Exercise goal: Once the pictures are set aside, copy everything else in the records exactly.

[Data to examine — start]

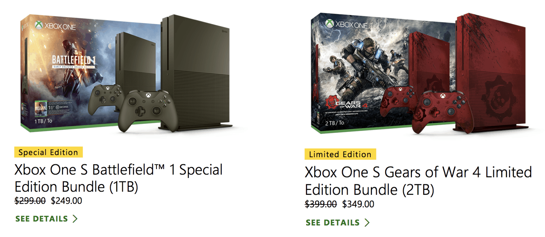 The most interesting bundle you may want to check out is probably the Xbox One S Battlefield 1 Special Edition bundle, which comes with a Military Green 1TB console, controller and stand, Battlefield 1 Early Enlister Deluxe Edition plus one month of EA Access. If you’re looking for more storage, the Xbox One S Gears of War 4 Limited Edition ($349) comes with a 2TB hard drive plus a gorgeous “Crimson Omen” console and controller.
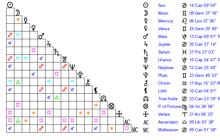 | Moon | 9 Gemini 35 | 6 Sagittarius 27 | 25 Virgo 15 |
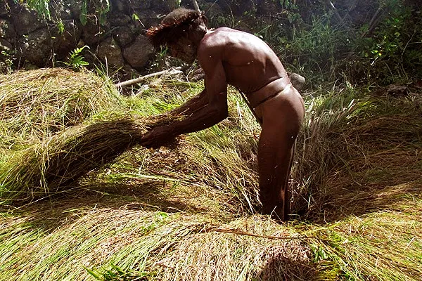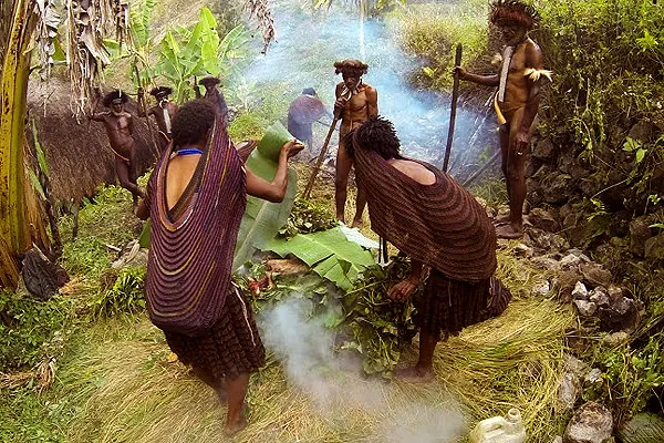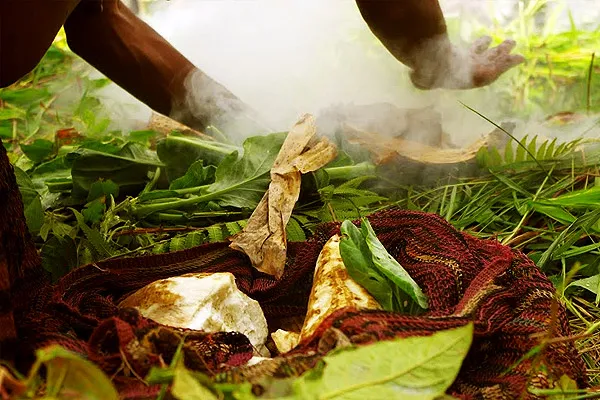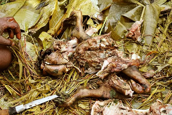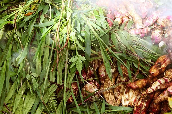 Їжу готують древнім способом у земляній печі. Для цього яму, завглибшки близько півметра, ретельно викладають сіном, травою та щедро поливають водою.
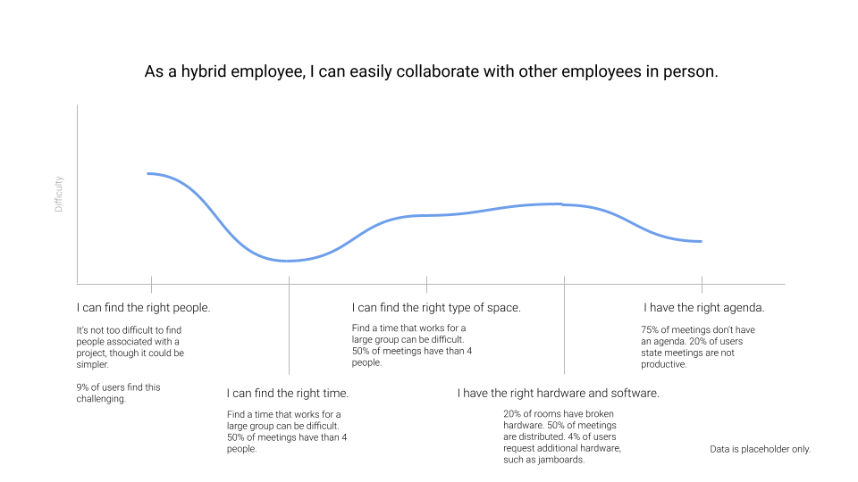 Googlers could not find enough space to meet. This was especially challenging in certain locations or in certain situations, such as last-minute meetings or when traveling.
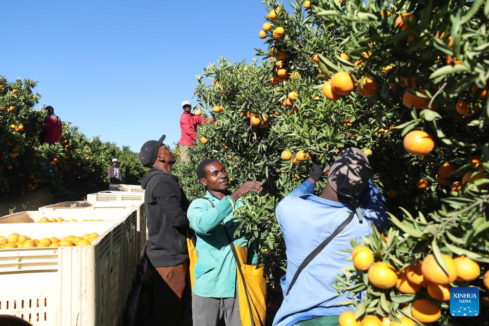 Workers harvest citrus at a farm in Brits, North West Province, South Africa, April 28, 2026. The harvest season of citrus in South Africa, a leading exporter of fresh citrus in the world, lasts from February to September. (Xinhua/Chen Wei)
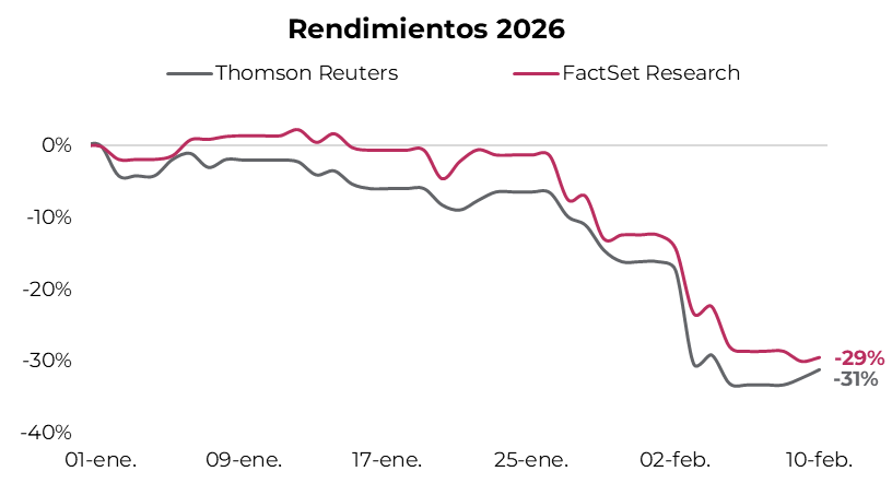 De forma similar, plataformas de análisis financiero como Thomson Reuters y FactSet Research acumulan caídas cercanas al 30% en 2026, ante el temor de que sus servicios, o al menos su poder de fijación de precios, enfrenten presión competitiva por parte de nuevas herramientas de IA capaces de generar análisis automatizados.
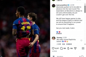 体育资讯4月15日讯 在欧冠1/4决赛,巴萨总比分2-3被马竞淘汰,拉什福德也在个人社媒发文谈到自己的感受。
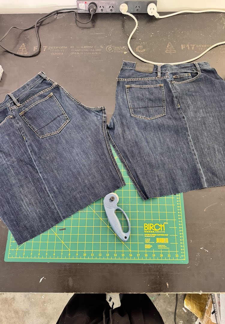 I started with two pairs of indigo jeans, both around a size 30. I found them super cheap at my local op shop. I try to pick dark denim because it blends nicer once everything gets cut up. Laying them flat helps me see the shapes and decide which pair will be the base and which one I will chop up for panels. Nothing fancy, just simple sourcing before the fun starts.
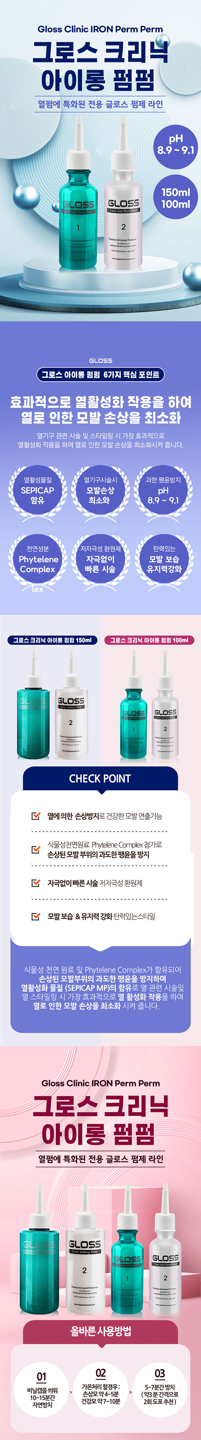 | 제품특징 -열활성 물질(SEPICAP MP)함유 -식물성 천연 원료 및 Phytelene Complex가 함유되어 손상된 모발부위의 과도한 팽윤을 방지 -저자극성 환원제 사용 -빠른 시술효과 |
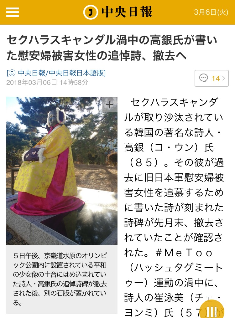 ソンチュムンに包まれたコ・ウン詩人(85)の沈黙が続く中、わずか10年前にも、彼は公開的な席で性暴行を続けたが、具体的な証言が出ている。チェ・ヨンミ詩人(57)の初暴露直後と詩人は、「30年前のことである。奨励次元で手首を捕まえたが、悪い意図はなかった」と語った。しかし、複数の文学界の挨拶によると、高詩人のセクハラは長い期間続いた。
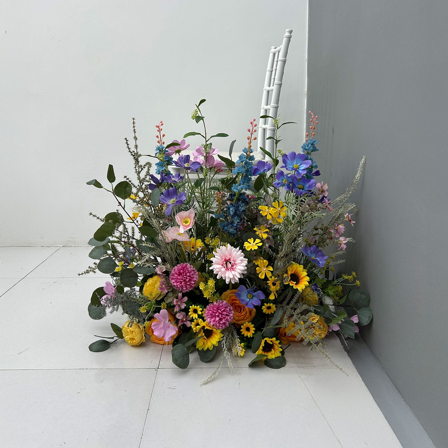 Our floral meadow is a versatile styling piece designed to add depth, softness, and visual interest throughout your event space. Perfect for placing at the base of arches and pillars, lining ceremony aisles, filling empty floor areas, or styling window ledges, its free-flowing design helps to connect larger installations and enhance overall layout. Equally effective as a standalone feature or as a supporting element within more elaborate displays, the floral meadow brings an effortless, organic finish that complements a wide range of event themes and settings.
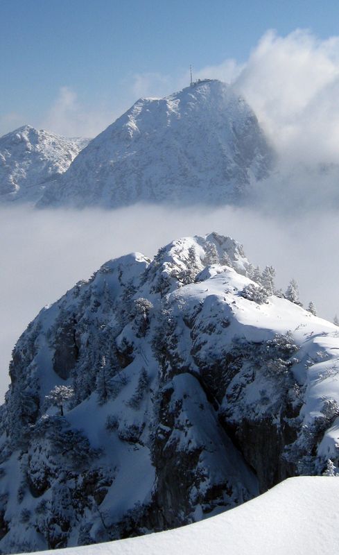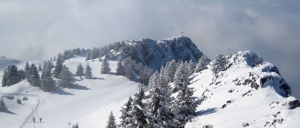 Tourenverhältnisse: Vom Parkplatz weg ausreichend Neuschnee. Der mittlerere Hang um die Bucheralm war ein Traum mit noch vielen freien Stellen zum Runterwedeln. Hier mussten wir dann zweimal rauf. Am Gipfel einige Leute, aber kein Gedränge und das Beste natürlich das Wetter mit interessanten Stimmungen durch den Hochnebel.

[Data to examine — finish]

Reply to the exercise:
 The most interesting bundle you may want to check out is probably the Xbox One S Battlefield 1 Special Edition bundle, which comes with a Military Green 1TB console, controller and stand, Battlefield 1 Early Enlister Deluxe Edition plus one month of EA Access. If you’re looking for more storage, the Xbox One S Gears of War 4 Limited Edition ($349) comes with a 2TB hard drive plus a gorgeous “Crimson Omen” console and controller.
 | Moon | 9 Gemini 35 | 6 Sagittarius 27 | 25 Virgo 15 |
 Їжу готують древнім способом у земляній печі. Для цього яму, завглибшки близько півметра, ретельно викладають сіном, травою та щедро поливають водою.
 Googlers could not find enough space to meet. This was especially challenging in certain locations or in certain situations, such as last-minute meetings or when traveling.
 Workers harvest citrus at a farm in Brits, North West Province, South Africa, April 28, 2026. The harvest season of citrus in South Africa, a leading exporter of fresh citrus in the world, lasts from February to September. (Xinhua/Chen Wei)
 De forma similar, plataformas de análisis financiero como Thomson Reuters y FactSet Research acumulan caídas cercanas al 30% en 2026, ante el temor de que sus servicios, o al menos su poder de fijación de precios, enfrenten presión competitiva por parte de nuevas herramientas de IA capaces de generar análisis automatizados.
 体育资讯4月15日讯 在欧冠1/4决赛,巴萨总比分2-3被马竞淘汰,拉什福德也在个人社媒发文谈到自己的感受。
 I started with two pairs of indigo jeans, both around a size 30. I found them super cheap at my local op shop. I try to pick dark denim because it blends nicer once everything gets cut up. Laying them flat helps me see the shapes and decide which pair will be the base and which one I will chop up for panels. Nothing fancy, just simple sourcing before the fun starts.
 | 제품특징 -열활성 물질(SEPICAP MP)함유 -식물성 천연 원료 및 Phytelene Complex가 함유되어 손상된 모발부위의 과도한 팽윤을 방지 -저자극성 환원제 사용 -빠른 시술효과 |
 ソンチュムンに包まれたコ・ウン詩人(85)の沈黙が続く中、わずか10年前にも、彼は公開的な席で性暴行を続けたが、具体的な証言が出ている。チェ・ヨンミ詩人(57)の初暴露直後と詩人は、「30年前のことである。奨励次元で手首を捕まえたが、悪い意図はなかった」と語った。しかし、複数の文学界の挨拶によると、高詩人のセクハラは長い期間続いた。
 Our floral meadow is a versatile styling piece designed to add depth, softness, and visual interest throughout your event space. Perfect for placing at the base of arches and pillars, lining ceremony aisles, filling empty floor areas, or styling window ledges, its free-flowing design helps to connect larger installations and enhance overall layout. Equally effective as a standalone feature or as a supporting element within more elaborate displays, the floral meadow brings an effortless, organic finish that complements a wide range of event themes and settings.
 Tourenverhältnisse: Vom Parkplatz weg ausreichend Neuschnee. Der mittlerere Hang um die Bucheralm war ein Traum mit noch vielen freien Stellen zum Runterwedeln. Hier mussten wir dann zweimal rauf. Am Gipfel einige Leute, aber kein Gedränge und das Beste natürlich das Wetter mit interessanten Stimmungen durch den Hochnebel.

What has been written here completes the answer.